The Buzz About Escher
By: Amy Beck, marketing and communications manager on March 1st
We’re all excited about Escher – abuzz, agog, and atwitter.
Saturday, March 4 is opening day of M.C. Escher: Reality and Illusion, featuring a large retrospective of the Dutch artist’s work that became pervasive during the last four decades in museums worldwide and throughout pop culture.
During each busy installation week, Woodson Art Museum staff – while scurrying to make myriad preparations – are always filled with anticipation, eager to see how the new exhibition will be received. We can guess, but we’re never certain until it opens.
This time, I’m witnessing excitement percolate online, bubbling up through comments on Facebook and Twitter.
From Watford, United Kingdom, Martin Elsen: Amazing visionary artist – a childhood favourite of mine.
From Chicago, Steven Kropp: I wanna see it!!!!
From Port Edwards, Fran Lankford: This is a must see!
From Chicago, Shay DeGrandis: I’ll have to come back up for this!
From Ironwood, Michigan, Candace Kroells: Jacobs Field trip!!
Other comments may not reveal from where visitors would be traveling, but the excitement is palpable.
Barbara Brucker-Tyler: Absolutely INCREDIBLE ARTIST. THANK YOU FOR SHARING.
Laura Graham LaRocca: I remember having a poster of his in high school.
Joe Finamore: Always loved Escher. So mathematical and yet so artistic.
These comments are coming from farther afield, too – Chicago, the Twin Cities, throughout the state and beyond. That’s thanks to a $20,000 Wisconsin Department of Tourism Joint Effort Marketing grant that enables the Museum to extend the promotional reach farther than we could otherwise afford as a non-profit art museum committed to always-free admission.
The Escher exhibition, drawn from a large private collection from the Herakleidon Museum, Athens, Greece, has only appeared in a few other U.S. museums. In Rochester, New York, the Memorial Art Gallery, where the Escher exhibition was on view last year, charges $14 for general admission.
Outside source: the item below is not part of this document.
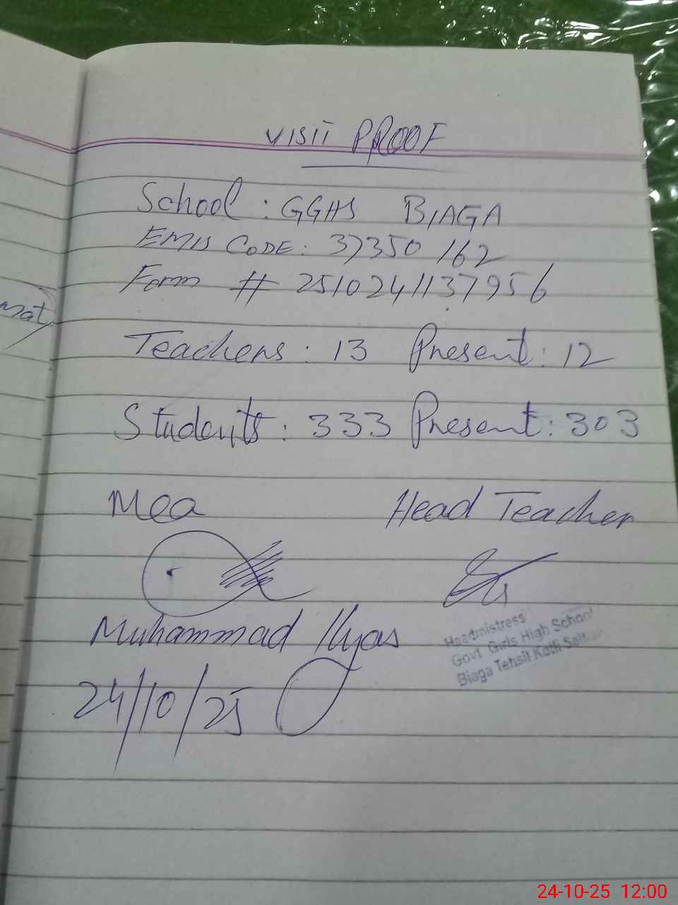 | Attendance Register | Head Teacher | MEA with School | Visit Proof |
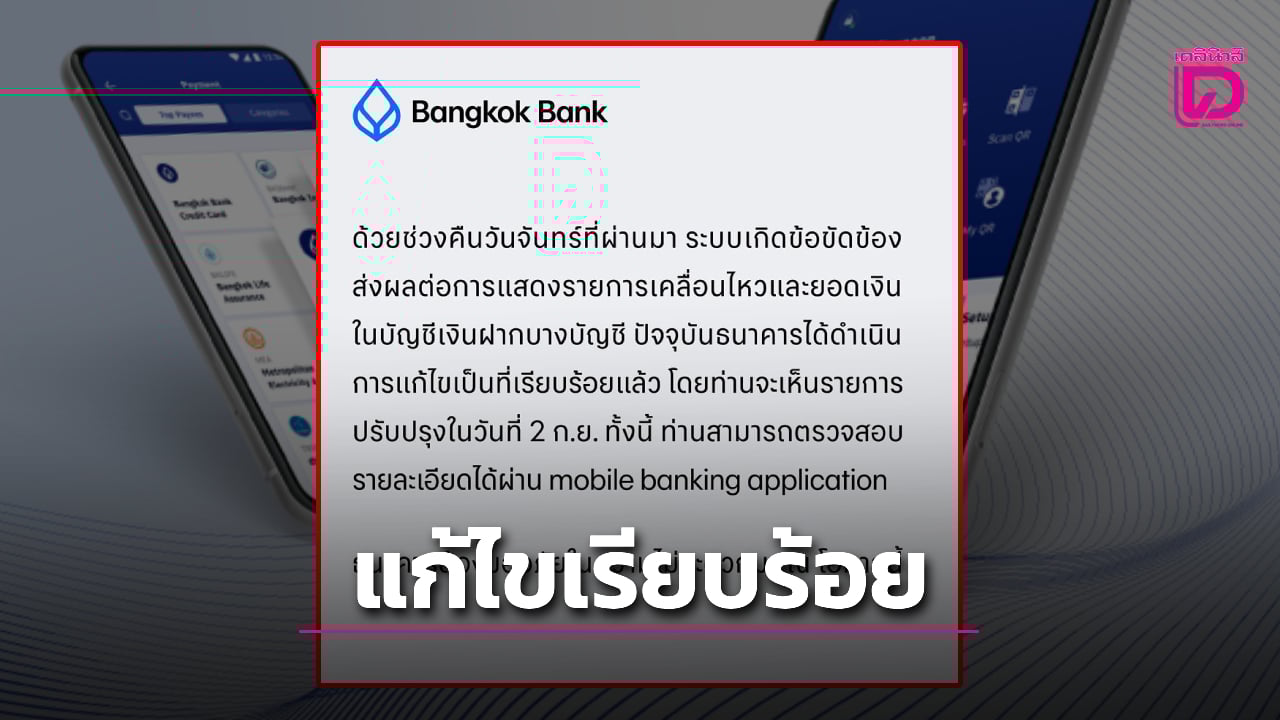 ธนาคารกรุงเทพ ประกาศแจ้งแก้ไขเรียบร้อย เหตุโมบายแบงก์กิ้ง แอปพลิเคชันขัดข้อง ยอดเงินในบัญชีแสดงไม่ครบ

In Manchester, New Hampshire, the Currier Museum of Art has a $15 admission fee, presented the Escher exhibition in 2014, and increased its admission fee for the Escher exhibition to help offset its higher costs.
In Wausau, at the Woodson Art Museum, it will be free – thanks to the extraordinary foresight-filled commitment made forty-two years ago by the Museum’s founding families. Now, at a time when museums nationwide seek to lower barriers to the visual arts by only occasionally offering free admission or temporarily reducing admission fees for members or for certain exhibitions, the Woodson Art Museum proudly and steadfastly maintains its commitment to always-free admission. We hope people recognize, value, and show their appreciation – first with their feet, walking through the doors repeatedly in the days and weeks ahead.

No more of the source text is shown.